On the computer side, it is sufficient to manage it in logical units of figures. The above-described steps greatly reduce the burden on the computer and shorten the display response time of the CRT.

Therefore, according to the present invention, a dramatic improvement in memory capacity and performance can be expected.

In addition, the present invention uses a vector generator to express input parameters (starting point, direction, , length, color, etc.) or dot patterns themselves, or dot patterns themselves, and can be realized using the same method using software.

As a result, it is possible to easily realize a CRT display system in which different character and graphic representation systems can be selected depending on the required degree of display performance such as display speed and display accuracy.

The present invention is not limited to the above-mentioned embodiment, but includes, for example, a CRT display device in which a graphic library memory is shared with a microprogram memory, and the graphic library memory is not specially prepared.

It has various configurations, such as preparing multiple refresh memories and adding an overlapping function.
A CRT display device in which a graphic library memory of the present invention is added to a CRT display device.

It can be easily assumed that effects equivalent to or greater than those of the present invention can be obtained.

Furthermore, if the method of the present invention is entirely processed on the computer side, for example by preparing a graphic library memory on the computer side, the amount of information exchanged between the CPU and the CRT display device will not decrease. Both methods can be expected to have the effect of making it easier to manage screens and standardizing software.

Also, the information stored in the figure library memory,
Similar effects can be expected even if only the graphic data is used and the index information (pointer, ΔH, ΔV, data length) is configured as another memory.

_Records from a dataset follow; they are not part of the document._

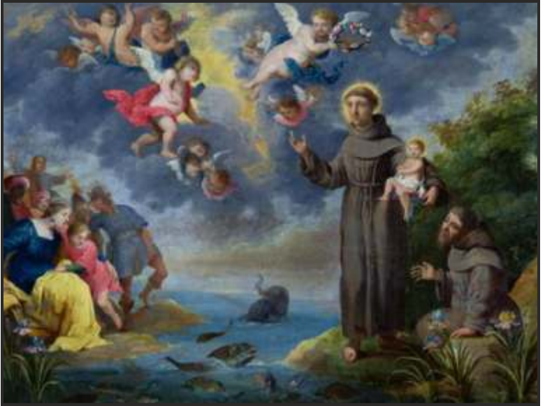
St. Anthony of Padua Preaching to the Fish, by Victor Wolfvoet II.
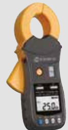
CLAMP ON EARTH TESTER FT6380-50

More compatible HIOKI products and apps are on their way
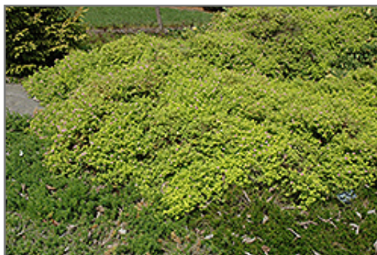
Golden Elf Spirea

Golden Elf Spirea is recommended for the following landscape applications;
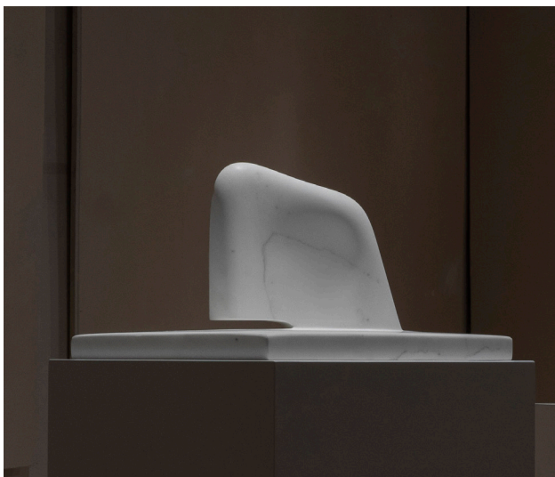
Kan Yasuda, KAISEI "Rebirth", 2006, White marble, H10 5/8 x W22 x D13 3/4 in (H27 x W56 x D35 cm), 88 lbs (B29736)

Ippodo Gallery is a cultural bridge to Japan's living master artists. Founded in Tokyo (1996-), the New York gallery (2008-) presents fine handcrafted and rare works created using traditional materials and methods. Each piece selected embodies Japanese aesthetic sensitivity that is born of a spiritual bond with nature. Ippodo's exhibition program features unique objects — fine ceramics, lacquerware, metal crafts, sculpture, paintings, and works on paper — that celebrate human invention, the natural world, and sublime beauty.
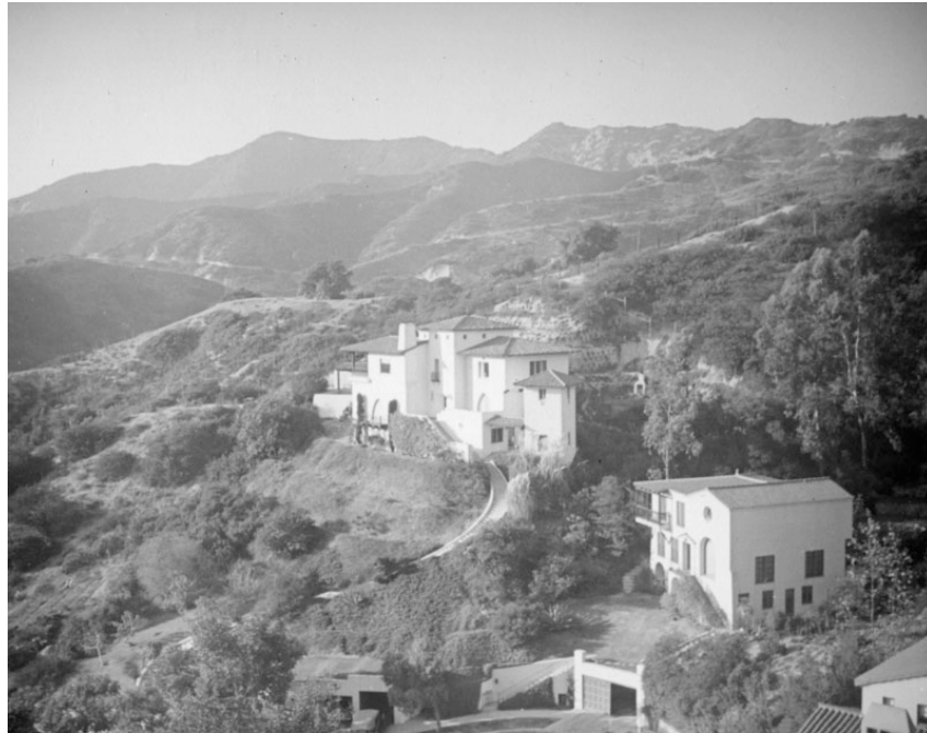
Spanish Colonial Revival houses from the 1920s Hollywood Hills

through the use of continuous stucco walls. These continuous walls could follow the slope of the lot, and the asymmetric assemblage of masses possible with the Spanish Colonial Revival allowed the house to adjust to the site in a picturesque manner. 5
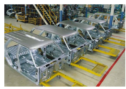
From paint curing to thermoforming, noncontact temperature measurement provides consistent product quality in the automotive industry.
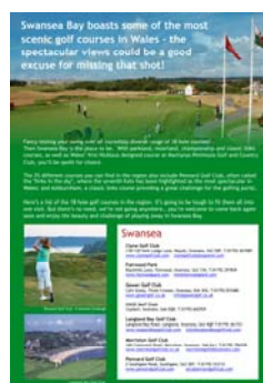
Golf Flyer for Ryder Cup visitors
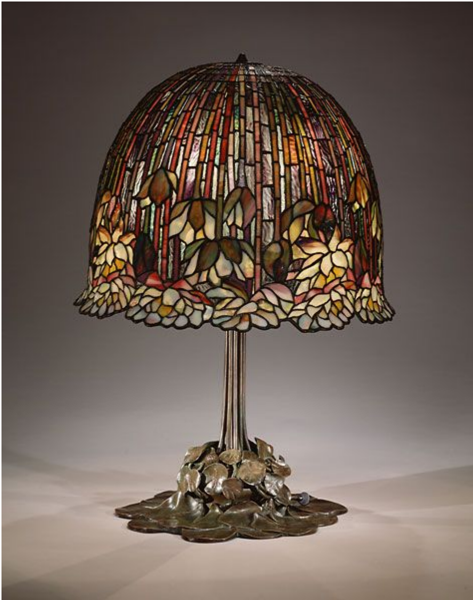
Louis Comfort Tiffany 1848–1933 table lamp Lotus or Water-lily 1904 – 5 Tiffany Studios 1902–1938 Leaded Favrite glass with bronze base, shade H 67.3; base 37.2 cm
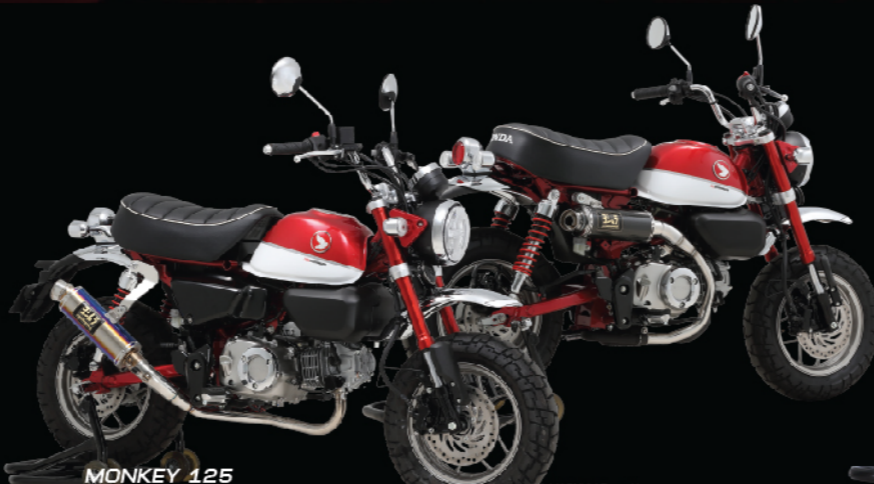
MONKEY 125 GP-MAGNUM Type-Down
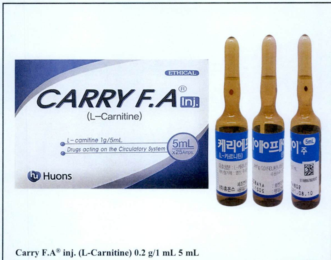
Carry F.A ® inj. (L-Carnitine) 0.2 g/1 mL 5 mL

The Food and Drug Administration (FDA) advises the public against the purchase and use of the following unregistered drug products:
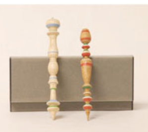
Barbara Palastak Spindle Ornaments maple & mahogany
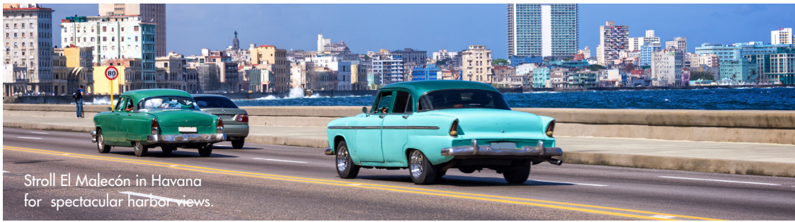
Stroll El Malecón in Havana for spectacular harbor views.
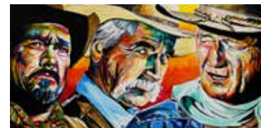
Three Hombres Ben Johnson, Sam Elliott & John Wayne 15" x 30" acrylic on canvas
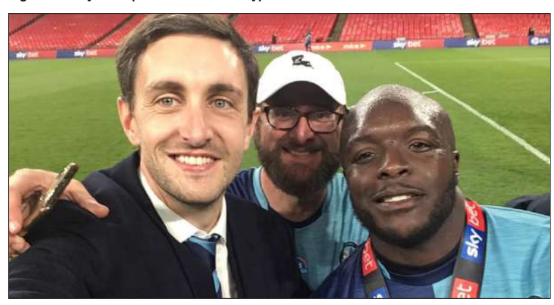
The aftermath from THAT day at Wembley (Matt Cecil)
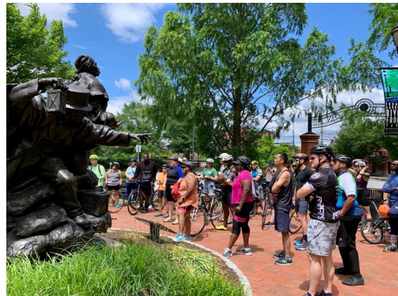
Final destination for riders at Tubman-Garrett Riverfront Park

On Saturday, June 18th, over 100 bicyclists left the New Castle Court House in Historic New Castle on the Delaware Freedom Ride, following the Juneteenth Celebration Route to the Wilmington Riverfront. The ride, a collaboration between DGI and Urban Bike Project , was created in 2021 to honor the journey of Delaware's Freedom Seekers along the Harriet Tubman Underground Railroad . As the riders followed the route, planned stops were made to tell the stories of local individuals who sought their freedom, and helped others to achieve it. We're really glad so many people came out and joined us on this moving ride. We hope to see everyone on the ride next year! Visit our website to view photos of the ride.

[Brief explanation of drawings]

FIG. 1 shows an example of the configuration of a conventional CRT display device, and FIG. 2 shows an example of the configuration of a CRT display device according to the present invention. FIG. 3 shows the data structure of the graphic library memory according to the present invention. FIG. 4 is a flowchart showing the flow of processing on the microcomputer side and instructions on the CPU side to realize the present invention, and FIG. 5 shows a concrete image of the present invention. The upper part shows the image displayed on the viewer, and the lower part shows the image in the figure library memory. Figure 6 shows the screen, in order to display the figures.
An example comparing the conventional method and the method of the present invention with respect to information output from the computer side will be shown. 1...Interface circuit, 2...Microcomputer, 3...Micro program memory,
4...Timing control circuit, 5...Refresh memory, 8...Viewer.

Claims (1)

[Claims] 1. In a CRT display device that displays characters, graphics, etc., multiple characters and graphics display data are stored in a library memory along with corresponding character and graphics display code strings, and the library memory also stores a graphics index table and , a graphic data table, and when displaying, by specifying the stored display code, the characters and graphic display data of the specified code are read from the library memory and displayed. The figure index table contains the horizontal and vertical display sizes ΔH and ΔV of each figure, a pointer indicating the data storage position in the figure data table, and the data length of the figure data. 1. A CRT display device, wherein a pixel code is stored in the graphic data table.